■ **Available records**:
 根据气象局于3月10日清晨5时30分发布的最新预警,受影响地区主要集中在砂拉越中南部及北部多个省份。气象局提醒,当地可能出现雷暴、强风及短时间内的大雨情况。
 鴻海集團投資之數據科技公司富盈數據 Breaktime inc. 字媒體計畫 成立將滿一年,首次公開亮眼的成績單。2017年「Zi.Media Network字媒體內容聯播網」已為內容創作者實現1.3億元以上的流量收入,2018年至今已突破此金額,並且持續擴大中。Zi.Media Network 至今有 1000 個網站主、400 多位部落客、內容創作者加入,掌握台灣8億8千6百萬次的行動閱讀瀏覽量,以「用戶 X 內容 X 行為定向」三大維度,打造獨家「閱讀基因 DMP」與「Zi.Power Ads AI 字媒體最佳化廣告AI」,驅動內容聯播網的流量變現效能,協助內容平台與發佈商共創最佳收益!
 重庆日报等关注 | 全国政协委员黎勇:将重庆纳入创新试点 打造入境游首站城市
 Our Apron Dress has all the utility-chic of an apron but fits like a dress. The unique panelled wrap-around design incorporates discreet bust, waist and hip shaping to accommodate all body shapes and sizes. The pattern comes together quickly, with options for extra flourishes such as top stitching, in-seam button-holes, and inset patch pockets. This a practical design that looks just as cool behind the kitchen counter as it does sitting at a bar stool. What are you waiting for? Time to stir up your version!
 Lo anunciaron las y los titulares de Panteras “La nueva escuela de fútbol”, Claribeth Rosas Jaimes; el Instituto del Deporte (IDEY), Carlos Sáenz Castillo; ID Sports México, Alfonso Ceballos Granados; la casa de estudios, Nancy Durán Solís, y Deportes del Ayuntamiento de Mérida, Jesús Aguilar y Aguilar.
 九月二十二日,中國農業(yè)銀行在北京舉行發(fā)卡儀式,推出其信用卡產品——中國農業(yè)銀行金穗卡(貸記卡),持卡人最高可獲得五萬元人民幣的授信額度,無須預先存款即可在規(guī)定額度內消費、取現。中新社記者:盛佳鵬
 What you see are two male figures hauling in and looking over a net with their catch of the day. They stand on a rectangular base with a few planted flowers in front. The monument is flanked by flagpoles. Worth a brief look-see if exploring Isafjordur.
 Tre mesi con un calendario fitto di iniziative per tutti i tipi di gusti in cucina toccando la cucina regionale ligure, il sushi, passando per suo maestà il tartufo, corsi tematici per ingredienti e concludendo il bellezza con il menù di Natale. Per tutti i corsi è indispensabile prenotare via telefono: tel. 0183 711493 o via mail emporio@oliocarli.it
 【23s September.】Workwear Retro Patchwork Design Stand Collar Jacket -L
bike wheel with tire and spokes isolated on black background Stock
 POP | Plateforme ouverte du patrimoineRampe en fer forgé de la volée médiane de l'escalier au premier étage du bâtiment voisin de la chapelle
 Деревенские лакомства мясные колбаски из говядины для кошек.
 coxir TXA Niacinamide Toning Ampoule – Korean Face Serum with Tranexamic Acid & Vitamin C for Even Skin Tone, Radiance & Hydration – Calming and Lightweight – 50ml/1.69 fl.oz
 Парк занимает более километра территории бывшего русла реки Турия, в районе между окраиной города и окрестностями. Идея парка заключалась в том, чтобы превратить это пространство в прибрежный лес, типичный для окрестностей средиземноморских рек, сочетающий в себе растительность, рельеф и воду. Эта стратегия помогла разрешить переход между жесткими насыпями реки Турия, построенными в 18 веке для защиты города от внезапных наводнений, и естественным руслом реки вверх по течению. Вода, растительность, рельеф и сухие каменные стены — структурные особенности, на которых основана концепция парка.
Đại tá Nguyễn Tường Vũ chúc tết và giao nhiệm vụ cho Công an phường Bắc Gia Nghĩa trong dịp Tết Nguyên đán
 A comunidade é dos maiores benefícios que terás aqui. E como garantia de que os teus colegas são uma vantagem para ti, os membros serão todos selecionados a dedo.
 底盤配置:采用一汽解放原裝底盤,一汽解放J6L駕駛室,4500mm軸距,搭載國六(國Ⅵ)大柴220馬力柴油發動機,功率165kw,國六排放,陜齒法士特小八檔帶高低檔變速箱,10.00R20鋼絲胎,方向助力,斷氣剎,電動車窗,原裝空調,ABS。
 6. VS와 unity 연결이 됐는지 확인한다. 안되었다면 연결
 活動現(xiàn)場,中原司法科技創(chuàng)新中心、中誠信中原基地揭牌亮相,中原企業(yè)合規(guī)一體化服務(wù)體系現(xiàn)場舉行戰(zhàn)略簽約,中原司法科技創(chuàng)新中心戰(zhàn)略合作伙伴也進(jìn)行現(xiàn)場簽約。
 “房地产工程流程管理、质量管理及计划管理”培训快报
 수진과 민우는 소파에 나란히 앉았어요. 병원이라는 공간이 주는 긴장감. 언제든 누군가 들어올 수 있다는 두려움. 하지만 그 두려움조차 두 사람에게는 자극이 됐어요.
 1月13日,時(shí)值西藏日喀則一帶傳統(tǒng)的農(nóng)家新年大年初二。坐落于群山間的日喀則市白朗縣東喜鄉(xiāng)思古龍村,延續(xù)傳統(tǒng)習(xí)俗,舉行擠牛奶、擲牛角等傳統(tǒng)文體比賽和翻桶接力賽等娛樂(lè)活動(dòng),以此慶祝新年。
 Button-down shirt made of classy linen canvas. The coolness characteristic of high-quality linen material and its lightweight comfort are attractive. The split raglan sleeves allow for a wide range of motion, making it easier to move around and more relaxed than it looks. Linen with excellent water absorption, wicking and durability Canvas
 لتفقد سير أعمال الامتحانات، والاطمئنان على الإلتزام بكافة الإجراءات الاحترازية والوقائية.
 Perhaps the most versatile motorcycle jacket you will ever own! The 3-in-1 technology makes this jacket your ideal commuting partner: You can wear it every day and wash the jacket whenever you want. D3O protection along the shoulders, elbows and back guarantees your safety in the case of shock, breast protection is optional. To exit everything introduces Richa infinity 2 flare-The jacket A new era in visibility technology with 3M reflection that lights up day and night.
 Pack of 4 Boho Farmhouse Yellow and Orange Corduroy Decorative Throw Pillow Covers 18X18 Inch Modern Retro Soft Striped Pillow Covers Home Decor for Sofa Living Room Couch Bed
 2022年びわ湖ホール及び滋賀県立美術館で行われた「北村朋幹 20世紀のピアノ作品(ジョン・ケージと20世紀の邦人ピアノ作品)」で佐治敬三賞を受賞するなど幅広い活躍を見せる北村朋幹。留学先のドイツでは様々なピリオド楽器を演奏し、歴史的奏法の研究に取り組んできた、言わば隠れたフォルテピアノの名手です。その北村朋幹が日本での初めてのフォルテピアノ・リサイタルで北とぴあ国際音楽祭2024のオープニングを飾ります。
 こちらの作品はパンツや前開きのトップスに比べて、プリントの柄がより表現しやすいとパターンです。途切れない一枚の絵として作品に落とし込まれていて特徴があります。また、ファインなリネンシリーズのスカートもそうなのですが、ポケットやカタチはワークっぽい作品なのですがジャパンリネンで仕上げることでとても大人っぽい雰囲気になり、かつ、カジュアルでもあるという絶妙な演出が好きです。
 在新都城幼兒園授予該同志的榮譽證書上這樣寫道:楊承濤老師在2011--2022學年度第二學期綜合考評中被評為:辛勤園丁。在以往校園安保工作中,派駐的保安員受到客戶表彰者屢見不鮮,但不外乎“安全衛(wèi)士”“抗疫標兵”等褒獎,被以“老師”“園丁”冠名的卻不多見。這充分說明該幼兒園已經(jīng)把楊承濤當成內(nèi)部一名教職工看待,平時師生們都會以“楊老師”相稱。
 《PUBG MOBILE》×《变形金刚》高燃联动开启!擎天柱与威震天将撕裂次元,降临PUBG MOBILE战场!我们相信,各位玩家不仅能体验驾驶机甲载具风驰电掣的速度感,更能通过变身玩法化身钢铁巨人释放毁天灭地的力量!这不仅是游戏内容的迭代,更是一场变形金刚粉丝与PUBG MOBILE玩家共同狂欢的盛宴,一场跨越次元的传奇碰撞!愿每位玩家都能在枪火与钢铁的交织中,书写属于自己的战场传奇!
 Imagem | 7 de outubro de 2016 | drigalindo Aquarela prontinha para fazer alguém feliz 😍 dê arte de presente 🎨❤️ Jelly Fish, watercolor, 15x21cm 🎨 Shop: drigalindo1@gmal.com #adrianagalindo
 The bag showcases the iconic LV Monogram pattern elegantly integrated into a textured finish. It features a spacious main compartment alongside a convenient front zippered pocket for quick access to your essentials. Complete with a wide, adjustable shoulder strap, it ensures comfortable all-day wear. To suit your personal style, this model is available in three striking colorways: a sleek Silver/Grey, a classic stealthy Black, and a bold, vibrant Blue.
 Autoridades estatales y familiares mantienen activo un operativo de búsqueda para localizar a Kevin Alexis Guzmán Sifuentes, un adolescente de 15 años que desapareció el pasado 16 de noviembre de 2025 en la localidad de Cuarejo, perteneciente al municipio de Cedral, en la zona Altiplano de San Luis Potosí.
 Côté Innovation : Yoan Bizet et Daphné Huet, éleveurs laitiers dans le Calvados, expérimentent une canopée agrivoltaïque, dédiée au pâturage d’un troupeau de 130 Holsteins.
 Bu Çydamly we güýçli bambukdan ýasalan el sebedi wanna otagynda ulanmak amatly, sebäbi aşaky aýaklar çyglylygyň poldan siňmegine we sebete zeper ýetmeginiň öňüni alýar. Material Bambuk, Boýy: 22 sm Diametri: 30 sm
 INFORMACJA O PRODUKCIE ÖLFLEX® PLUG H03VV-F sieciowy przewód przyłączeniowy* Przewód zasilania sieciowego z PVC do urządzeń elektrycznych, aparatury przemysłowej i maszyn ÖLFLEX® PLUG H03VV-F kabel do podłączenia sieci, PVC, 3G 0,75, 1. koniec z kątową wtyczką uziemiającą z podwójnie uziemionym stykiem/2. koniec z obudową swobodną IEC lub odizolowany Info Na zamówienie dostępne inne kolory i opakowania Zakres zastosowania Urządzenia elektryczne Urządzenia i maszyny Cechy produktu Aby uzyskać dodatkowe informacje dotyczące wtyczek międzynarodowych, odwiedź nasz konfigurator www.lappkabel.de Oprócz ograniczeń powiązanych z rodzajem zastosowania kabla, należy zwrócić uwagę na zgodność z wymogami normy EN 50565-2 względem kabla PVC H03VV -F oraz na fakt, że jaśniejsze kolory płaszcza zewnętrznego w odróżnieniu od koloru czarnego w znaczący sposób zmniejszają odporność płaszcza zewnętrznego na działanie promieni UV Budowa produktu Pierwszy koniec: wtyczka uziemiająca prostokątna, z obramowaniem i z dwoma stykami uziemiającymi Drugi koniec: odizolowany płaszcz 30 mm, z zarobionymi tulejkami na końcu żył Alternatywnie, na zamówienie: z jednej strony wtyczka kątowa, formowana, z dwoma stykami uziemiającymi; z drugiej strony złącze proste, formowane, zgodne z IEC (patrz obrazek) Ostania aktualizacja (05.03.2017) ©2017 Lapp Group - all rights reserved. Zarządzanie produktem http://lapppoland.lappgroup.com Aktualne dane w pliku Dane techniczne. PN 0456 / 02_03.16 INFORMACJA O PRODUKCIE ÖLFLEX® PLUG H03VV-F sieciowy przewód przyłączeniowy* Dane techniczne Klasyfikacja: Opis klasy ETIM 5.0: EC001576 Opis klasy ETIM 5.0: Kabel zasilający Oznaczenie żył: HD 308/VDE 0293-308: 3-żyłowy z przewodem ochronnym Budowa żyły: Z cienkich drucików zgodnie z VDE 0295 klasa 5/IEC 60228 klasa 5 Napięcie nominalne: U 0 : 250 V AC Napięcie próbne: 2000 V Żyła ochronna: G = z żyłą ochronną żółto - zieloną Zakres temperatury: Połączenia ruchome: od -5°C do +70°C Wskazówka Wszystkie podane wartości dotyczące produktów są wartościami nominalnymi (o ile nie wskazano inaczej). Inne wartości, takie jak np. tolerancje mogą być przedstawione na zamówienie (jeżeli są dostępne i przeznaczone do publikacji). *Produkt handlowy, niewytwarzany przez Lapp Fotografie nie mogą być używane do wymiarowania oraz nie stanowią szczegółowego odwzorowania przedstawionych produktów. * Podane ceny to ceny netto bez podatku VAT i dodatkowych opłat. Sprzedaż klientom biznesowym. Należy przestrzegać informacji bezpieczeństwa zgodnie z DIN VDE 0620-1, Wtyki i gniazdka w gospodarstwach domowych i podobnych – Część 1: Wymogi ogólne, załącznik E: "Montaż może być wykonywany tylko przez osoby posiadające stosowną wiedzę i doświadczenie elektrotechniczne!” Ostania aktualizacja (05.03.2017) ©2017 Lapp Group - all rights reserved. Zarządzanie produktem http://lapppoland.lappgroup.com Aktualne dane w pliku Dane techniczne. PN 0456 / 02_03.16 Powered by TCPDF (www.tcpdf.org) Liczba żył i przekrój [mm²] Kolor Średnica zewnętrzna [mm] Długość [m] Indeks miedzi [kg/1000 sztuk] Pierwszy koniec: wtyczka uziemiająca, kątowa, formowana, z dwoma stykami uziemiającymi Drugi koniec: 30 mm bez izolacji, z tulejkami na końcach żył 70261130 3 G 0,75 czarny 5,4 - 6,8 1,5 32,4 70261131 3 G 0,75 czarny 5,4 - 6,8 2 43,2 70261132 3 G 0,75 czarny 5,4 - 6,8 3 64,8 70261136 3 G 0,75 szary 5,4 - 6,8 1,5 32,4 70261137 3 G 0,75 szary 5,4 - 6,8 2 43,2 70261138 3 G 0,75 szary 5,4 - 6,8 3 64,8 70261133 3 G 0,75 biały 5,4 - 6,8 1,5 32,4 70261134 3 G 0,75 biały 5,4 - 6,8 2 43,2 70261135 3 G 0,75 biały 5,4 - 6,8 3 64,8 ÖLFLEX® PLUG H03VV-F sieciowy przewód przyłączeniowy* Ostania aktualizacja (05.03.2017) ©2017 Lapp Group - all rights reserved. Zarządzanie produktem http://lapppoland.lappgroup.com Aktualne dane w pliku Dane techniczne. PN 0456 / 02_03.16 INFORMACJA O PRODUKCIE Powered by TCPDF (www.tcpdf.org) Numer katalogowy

■ **Exercise prompt**:
Starting with the line with "A comunidade é" above and going on through the line with "6. VS와 unity 연결이 됐는지 확인한다. 안되었다면 연결", transcribe every line exactly, both ends included, and add nothing.

■ **Problem solution**:
 A comunidade é dos maiores benefícios que terás aqui. E como garantia de que os teus colegas são uma vantagem para ti, os membros serão todos selecionados a dedo.
 底盤配置:采用一汽解放原裝底盤,一汽解放J6L駕駛室,4500mm軸距,搭載國六(國Ⅵ)大柴220馬力柴油發動機,功率165kw,國六排放,陜齒法士特小八檔帶高低檔變速箱,10.00R20鋼絲胎,方向助力,斷氣剎,電動車窗,原裝空調,ABS。
 6. VS와 unity 연결이 됐는지 확인한다. 안되었다면 연결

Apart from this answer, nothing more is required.